Грязной опорожнил сулею с явным удовольствием, даже причмокнул.
– Ого, Вася! Любо пьешь, скакунок, любо! За царевым столом многих осилил бы. Что за человек! И в бою храбр и в вине уместителен. Бог не обидел тебя талантом.
– Хоть и незнатный наш род, а питием не обижены. На что и жить, коли не пить! – улыбнулся Грязной, перекрестив рот.
Колычев, разжевывая рыбу, усмехнулся:
– Не смеши! С тобой тут подавишься еще! Ей-Богу, подавишься! Будь я царем, первым бы вельможею тебя сделал. Бес с тобой! Будь ты тогда у меня первым! Наплевать! Все одно! Люблю я, Вася, таких, вот как ты, бедовых. Да что говорить, Иван Васильич достойных не обижает... найти умеет. Его не проведешь. Лестью не обманешь. Пей еще! Запасено у меня винца-леденца на всю войну.
Василий теперь уже сам осторожно налил вина из кувшина в обе сулеи.
– Ласкатель – тот же злодей, – сказал он, подавая кубок боярину. – Подобно гаду под цветами, умыслы ласкателя укрываются под словами, приятными, умильными. Далек я от батюшки-царя, родом не вышел, чтоб за одним столом с ним бражничать, а так думаю, что Бог его охраняет от льстецов...
Колычев удивленно уперся в своего собеседника мутным взглядом. Его брови поднялись на лбу, как рога. В голове мелькнуло: «А сам-то ты кто?»
– Думаешь, охраняет? – тихо, глухим голосом спросил он.
– Охраняет! Никого мы не видим, чтоб его обманывали да лестью оволакивали. Честные, прямые люди около него. Вот бы хоть ты, боярин, – все бросил, ото всего отказался, а на войну пошел.

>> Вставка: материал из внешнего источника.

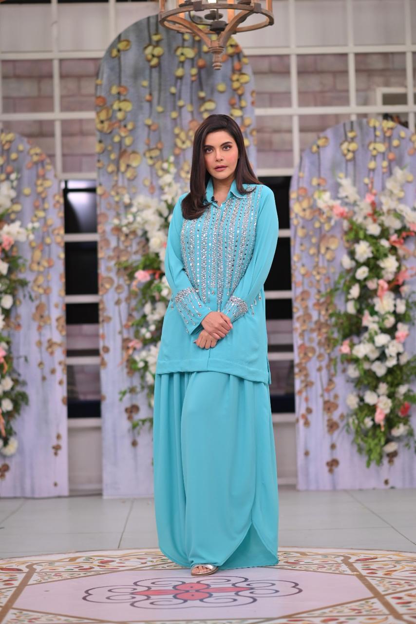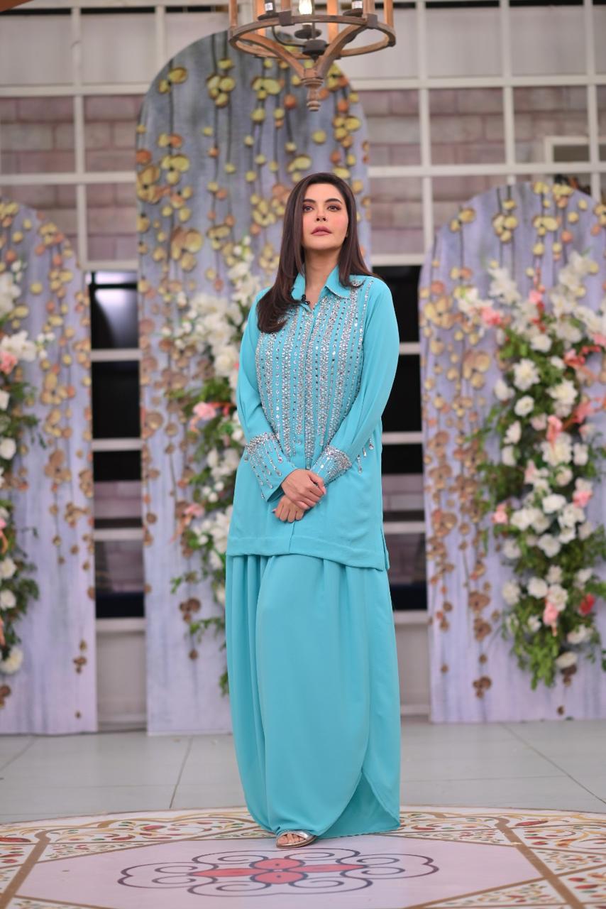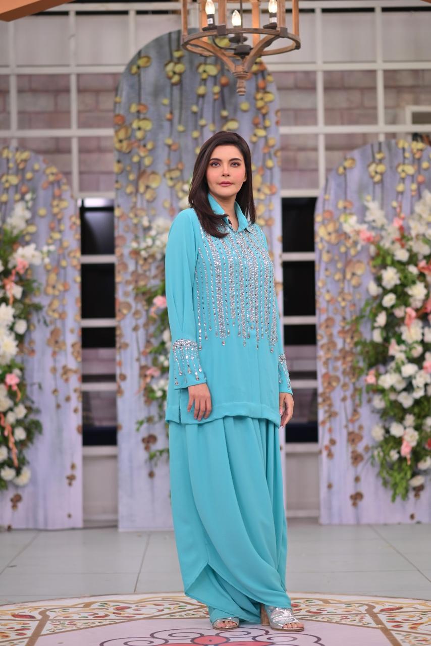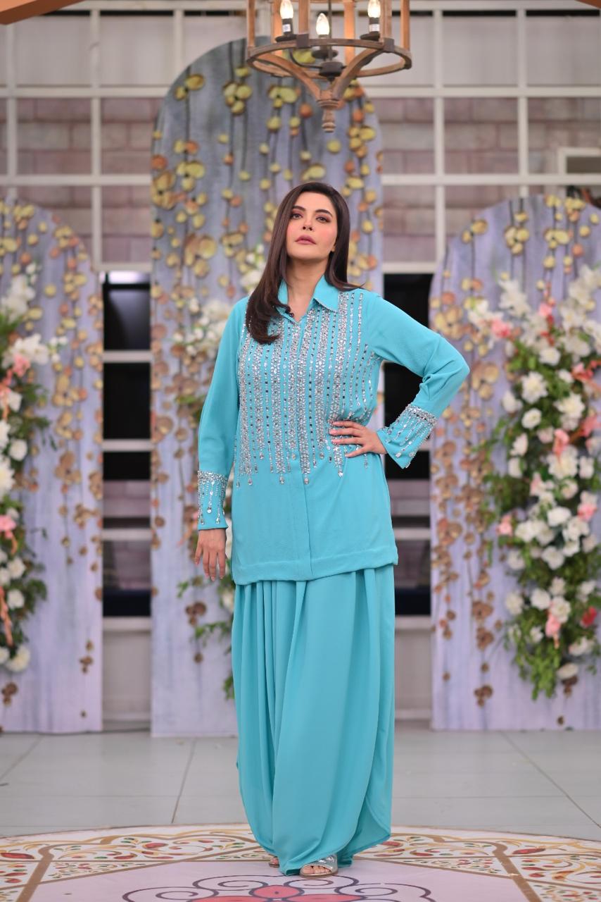 Description: Timeless allure: Dazzle in our crystal-adorned shirt with fusion shalwar where every beads and Swarovski sparkle tells a story of luxury and tradition.

– М-да!.. Правильно говоришь! – задумчиво промычал Колычев, разглаживая бороду. «Сукин сын, как врет, как врет!»
– А про Курбского князя, либо Адашева, либо отца Сильвестра скажу прямо: это первые люди, самим царем за дородство и за честь выдвинуты, и служат они царю нелицеприятно, по-Божьи, как и всем служить надо.
Колычев недоумевал. Он ждал, что Грязной под хмельком будет порицать сторонников Сильвестра и Адашева, а он и пьяный их хвалит. «Стало быть, – решил про себя Никита Борисыч, – надо хулить их». И он, причмокнув, покачал головой:
– Хороши-то они хороши, советники государя, да тоже... как сказать, хоть бы и про отца Сильвестра – постригся кот, посхимился кот, а все – кот. И поп, как был попом, так им и остался... У него свой закон: по молебну и мзда. Возводит в сан и чины простым обычаем тех, кто ему угодлив да полезен. За что он тащит в великие люди Курлятева?! Скажи, Вася, токмо не криви душой. Смотри у меня! Говори прямо! Не люблю я лукавства! Сам честен и прям, так хотел бы, чтоб и люди все были такими же. О Господи! Как душа истосковалась о правде!
Грязной опять взялся за кувшин. Налил. Перекрестился.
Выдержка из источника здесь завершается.